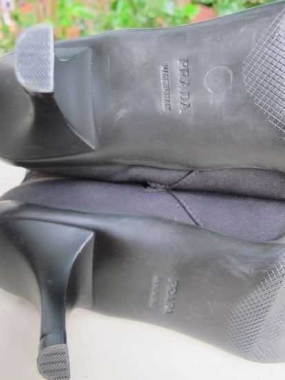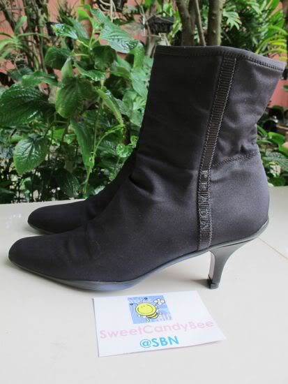 รองเท้า Boots Prada เป็นบู๊ตสั้น สีดำสนิท ตัวรองเท้าเป็นผ้าสแปนเด็กยืดๆใส่สบาย หน้าเท้ากว้างไม่มีปัญหา นิ๊ม นิ่มค่ะ ด้านในเป็นหนังแท้สีดำ ด้านนอกตัวผ้าไม่มีรอยเปลื้อนอะไรหนักๆเลยค่ะสะอาดสวยงาม ไซส์ 37 เท้ายาว 23.5 cm เหมาะกับสาวๆ ไซส์ 36 or 6us ส้นสูงเล็กน้อยนิ้วครึ่ง มือสองสภาพดีนะคะ น้ำหนักเบามากมายสไตล์ป้าดา พื้นกับส้นเป็นยางสึกเล็กน้อยใส่ได้อีกนานแสนนาน ใครมีแพลนเที่ยวต่างประเทศไม่น่าพลาดนะคะ ขาย 4700 บาทค่ะ
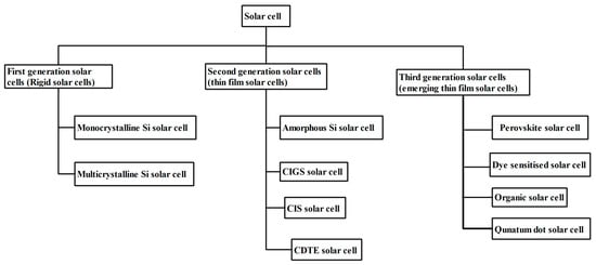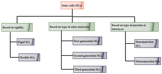 As shown in Figure 1, SCs are typically classified by the rigidity of the solar material, i.e., rigid and flexible SCs. At an earlier stage, SCs were developed over rigid substrates, which has several disadvantages such as being somewhat heavier in weight, being difficult to install over any curvatures, and having a higher production cost []. However, rigid Silicon (Si) based SCs possess excellent stability, whilst. flexible thin film SCs are lesser in weight, can be installed over convenient curvatures, can be folded or rolled easily and fabrication cost is less. Stability is a major concern in flexible SCs. Based on the photo-active materials used at various stages, they are classified into first, second and third generation SCs. SCs are also categorized into homojunction and heterojunction SCs depending upon the number of materials that make up the photo-active layer []. Among all SCs, bulk heterojunction hybrid tandem SCs show the maximum PCE. Tandem SCs were developed for overcoming the drawbacks occurring in single material SCs such as the utilization of excess energy of incident light and easier transmission of low energy photons, without participation in the energy conversion process. Some of the commonly observed tandem architectures are two-terminal, mechanically ordered four-terminal and optically coupling four-terminal. With the help of a two-terminal tandem configuration, easier integration with the PV module was achieved than in single junction SCs. In mechanically ordered -terminal SCs, the sub-cells work with their own terminals leading to the non-requirement of the current-matching phenomenon []. Meanwhile, optically coupled tandem architecture was not integrated physically, but the sub-cells were coupled through an optical splitter positioned in an appropriate manner. Integration of sub-cells was more flexible with optically coupled tandem architecture, but costlier due to the inclusion of spectral filters []. In addition to capability in absorbing light which occurs at lower and higher wavelengths, the performance of tandem SCs can further improve through doping of impurities []. Because of the addition of impurities, there is a possibility of tuning the energy band gap of the photo-active layer []. As rigid SCs have been significantly engineered and have captured the entire solar market, we directly review thin film SCs and emerging thin film SCs from various perspectives. Figure 2 depicts the many generations of SCs as a flowchart.
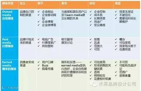 我们平时经常会听到 earned media, owned media 和 paid media 这三个词,简单理解是 earned media 就是赚来的公众口碑,owned media 是指企业自有的网站或社交媒体如微博账号,而 paid media 则比是付费购买来的电视广告或媒体广告版面,企业应该整合这三种渠道,协同发挥更大的作用。

### Exercise brief
Print the data once more without any change, skipping each picture.

### Exercise solution
 รองเท้า Boots Prada เป็นบู๊ตสั้น สีดำสนิท ตัวรองเท้าเป็นผ้าสแปนเด็กยืดๆใส่สบาย หน้าเท้ากว้างไม่มีปัญหา นิ๊ม นิ่มค่ะ ด้านในเป็นหนังแท้สีดำ ด้านนอกตัวผ้าไม่มีรอยเปลื้อนอะไรหนักๆเลยค่ะสะอาดสวยงาม ไซส์ 37 เท้ายาว 23.5 cm เหมาะกับสาวๆ ไซส์ 36 or 6us ส้นสูงเล็กน้อยนิ้วครึ่ง มือสองสภาพดีนะคะ น้ำหนักเบามากมายสไตล์ป้าดา พื้นกับส้นเป็นยางสึกเล็กน้อยใส่ได้อีกนานแสนนาน ใครมีแพลนเที่ยวต่างประเทศไม่น่าพลาดนะคะ ขาย 4700 บาทค่ะ
 As shown in Figure 1, SCs are typically classified by the rigidity of the solar material, i.e., rigid and flexible SCs. At an earlier stage, SCs were developed over rigid substrates, which has several disadvantages such as being somewhat heavier in weight, being difficult to install over any curvatures, and having a higher production cost []. However, rigid Silicon (Si) based SCs possess excellent stability, whilst. flexible thin film SCs are lesser in weight, can be installed over convenient curvatures, can be folded or rolled easily and fabrication cost is less. Stability is a major concern in flexible SCs. Based on the photo-active materials used at various stages, they are classified into first, second and third generation SCs. SCs are also categorized into homojunction and heterojunction SCs depending upon the number of materials that make up the photo-active layer []. Among all SCs, bulk heterojunction hybrid tandem SCs show the maximum PCE. Tandem SCs were developed for overcoming the drawbacks occurring in single material SCs such as the utilization of excess energy of incident light and easier transmission of low energy photons, without participation in the energy conversion process. Some of the commonly observed tandem architectures are two-terminal, mechanically ordered four-terminal and optically coupling four-terminal. With the help of a two-terminal tandem configuration, easier integration with the PV module was achieved than in single junction SCs. In mechanically ordered -terminal SCs, the sub-cells work with their own terminals leading to the non-requirement of the current-matching phenomenon []. Meanwhile, optically coupled tandem architecture was not integrated physically, but the sub-cells were coupled through an optical splitter positioned in an appropriate manner. Integration of sub-cells was more flexible with optically coupled tandem architecture, but costlier due to the inclusion of spectral filters []. In addition to capability in absorbing light which occurs at lower and higher wavelengths, the performance of tandem SCs can further improve through doping of impurities []. Because of the addition of impurities, there is a possibility of tuning the energy band gap of the photo-active layer []. As rigid SCs have been significantly engineered and have captured the entire solar market, we directly review thin film SCs and emerging thin film SCs from various perspectives. Figure 2 depicts the many generations of SCs as a flowchart.
 我们平时经常会听到 earned media, owned media 和 paid media 这三个词,简单理解是 earned media 就是赚来的公众口碑,owned media 是指企业自有的网站或社交媒体如微博账号,而 paid media 则比是付费购买来的电视广告或媒体广告版面,企业应该整合这三种渠道,协同发挥更大的作用。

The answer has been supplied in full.